The task> Using the listing below, give again exactly the lines from the line with "thumbs & wrist joints." to the line with "Welcome to the", inclusive, without the pictures.

Input data>
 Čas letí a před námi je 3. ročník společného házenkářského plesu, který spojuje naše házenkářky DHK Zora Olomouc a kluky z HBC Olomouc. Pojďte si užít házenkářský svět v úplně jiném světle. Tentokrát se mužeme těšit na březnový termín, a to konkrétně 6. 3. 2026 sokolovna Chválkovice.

...

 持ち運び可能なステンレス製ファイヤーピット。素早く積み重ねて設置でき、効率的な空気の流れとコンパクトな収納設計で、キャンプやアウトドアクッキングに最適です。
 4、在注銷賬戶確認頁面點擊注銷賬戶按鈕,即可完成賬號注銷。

* * *

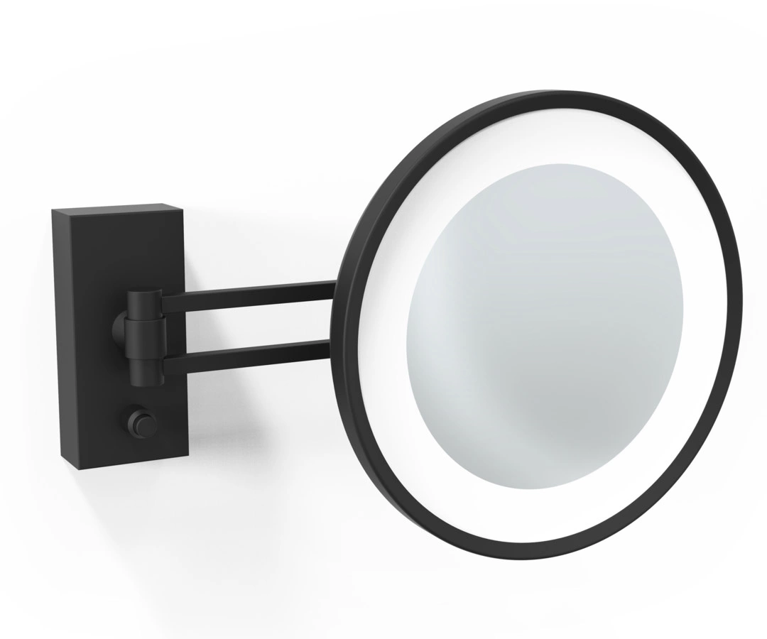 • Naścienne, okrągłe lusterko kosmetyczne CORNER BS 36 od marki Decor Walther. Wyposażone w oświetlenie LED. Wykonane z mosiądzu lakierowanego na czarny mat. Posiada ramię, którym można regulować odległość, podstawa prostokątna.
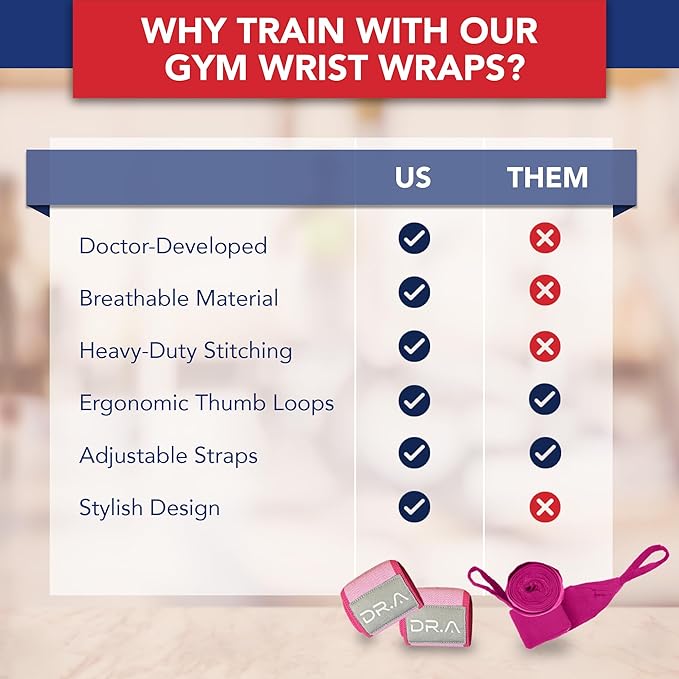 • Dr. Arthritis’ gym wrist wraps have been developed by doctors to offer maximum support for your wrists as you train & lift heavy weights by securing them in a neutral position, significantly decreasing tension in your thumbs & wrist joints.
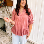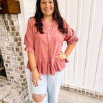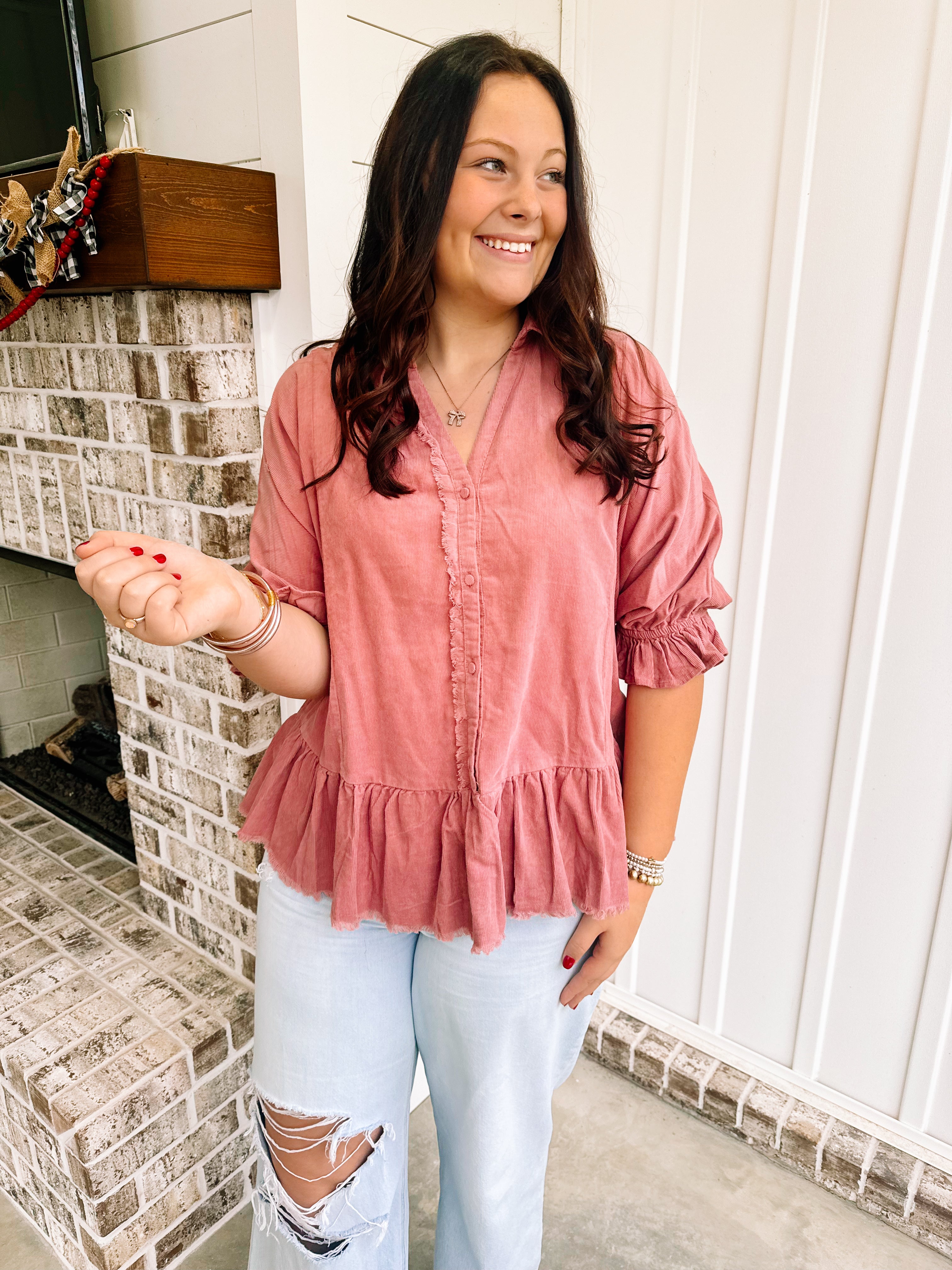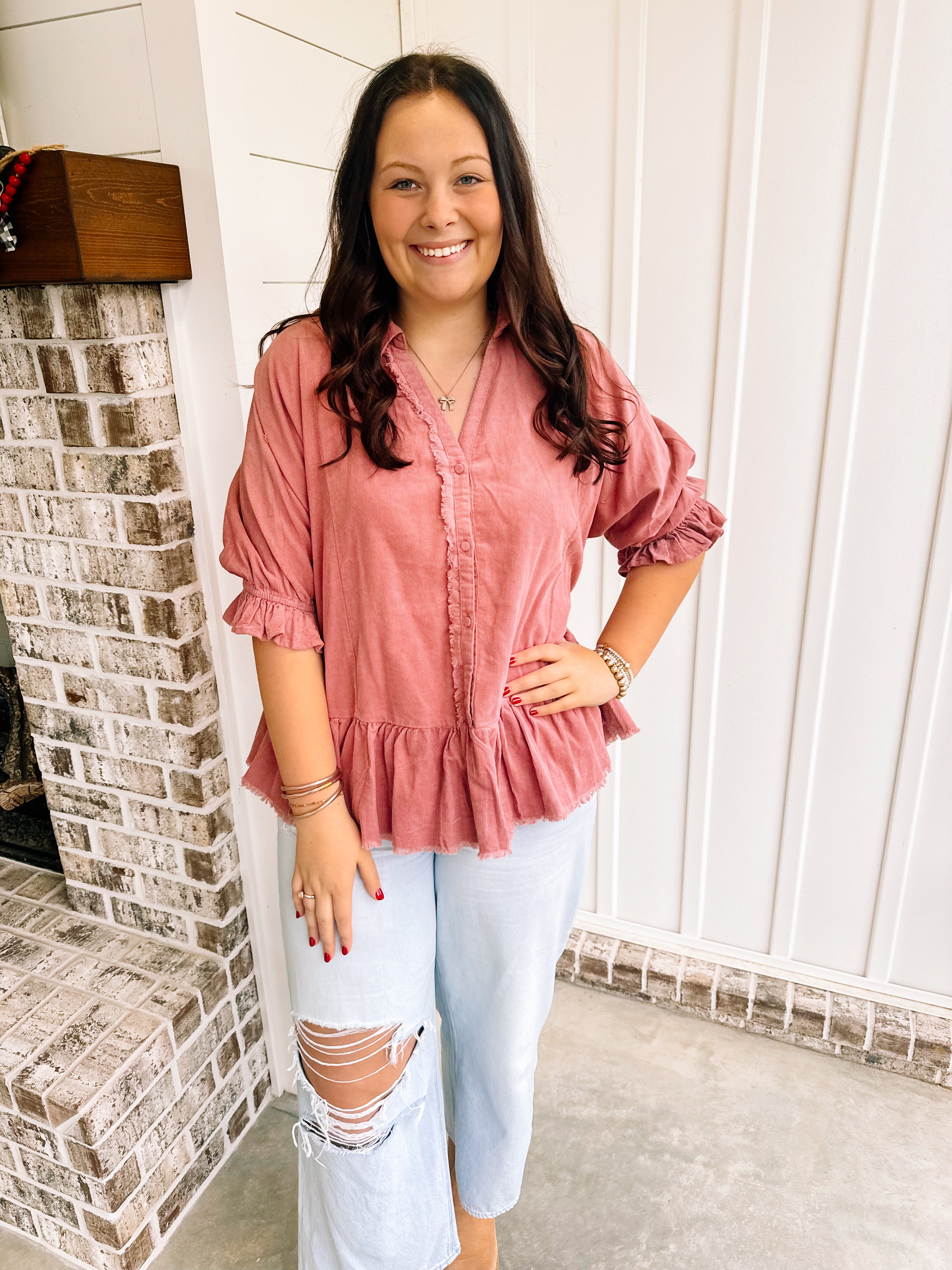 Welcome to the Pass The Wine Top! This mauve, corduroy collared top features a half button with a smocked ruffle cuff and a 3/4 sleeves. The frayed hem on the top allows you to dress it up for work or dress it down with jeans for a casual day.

Response box>
 • Dr. Arthritis’ gym wrist wraps have been developed by doctors to offer maximum support for your wrists as you train & lift heavy weights by securing them in a neutral position, significantly decreasing tension in your thumbs & wrist joints.
 Welcome to the Pass The Wine Top! This mauve, corduroy collared top features a half button with a smocked ruffle cuff and a 3/4 sleeves. The frayed hem on the top allows you to dress it up for work or dress it down with jeans for a casual day.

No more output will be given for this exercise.